The founding director of the Pew Research Center was the dean of the polling profession — and a go-to guest for PBS, NPR, and other TV and radio newscasts needing thoughtful, dignified, and non-partisan insights into public attitudes regarding the press and policy. He died this morning at 73 from chronic lymphocytic leukemia.
Kohut was president of The Gallup Organization before 1989 when he founded Princeton Survey Research Associates, which looked at public opinion about media in addition to politics and public policy. In 1990 he became founding director for surveys at the Times Mirror Center For The People & The Press, and was promoted to director in 1993. The Pew Charitable Trusts became the Center’s sole sponsor in 1996.
During his tenure, Pew launched the Project for Excellence in Journalism, the Pew Internet & American Life Project, the Pew Forum on Religion and Public Life, the Pew Hispanic Center, the Pew Global Attitudes Project, and the Pew Social & Demographic Trends Project.

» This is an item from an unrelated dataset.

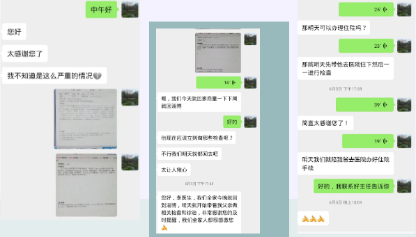 日子过得飞快,转眼到了2021年6月的一天,中午下班后,护士长向云找到副主任李祥峰,称有一位老年患者刚刚做完膝关节磁共振,因家较远,希望能尽快出具报告,他便利用休息时间为该患者书写报告,当看到患者名字时,李祥峰马上警觉起来,他立刻翻看了该患者的既往影像资料,发现他就是3年前诊断为早期肺癌的患者,随即将他请进报告室,详细询问了三年来的诊疗状况。得知患者2018年5月收到医院出具的检查报告并未放在心上,没有进行进一步检查,只是在北京买了一种号称可以“治疗”癌症的富硒药物——实为保健品,不具备任何治疗作用。李祥峰凭借其多年肺结节的诊断经验判断其肺部病变是肺癌,依照患者口述三年未就医经历判断其肺部结节绝不可能好转。于是耐心讲解其病情严重性,患者同意再做一次检查。对比两次CT图像,发现其肺部病灶较三年前增长近一倍,实性部分明显增大,已由肺癌早期进展至近中期。听李祥峰说完,患者只称“回家后会加大药量,将原来‘药物’的药量加大至两到三倍,相信疾病一定会好。”听闻此言,李祥峰哭笑不得,见无法说服该患者,又考虑到任由疾病继续发展必会夺去患者的生命。左思右想后,本着一位医生治病救人的初心,他绝不能坐视不管。几经周折,他查找到患者的单位信息,联系其所在单位组织人事科及退休管理部门,找到患者女儿的联系方式,把一系列情况与他女儿说明,并再三叮嘱如不立即进行治疗,患者很可能会失去治疗的机会。出于对医院能够明确诊断其父亲病情的信任,并决定让其父亲在医院进行后续治疗。

He retired in 2012.
The American Association for Public Opinion Research gave Kohut its top honor, the Award for Exceptionally Distinguished Achievement, in 2005. It called him “the public face of opinion research to millions of Americans” who had “an unrivaled ability to speak in direct and understandable ways about complex political and social phenomena, while remaining sensitive to the proper uses and limits of survey methods.”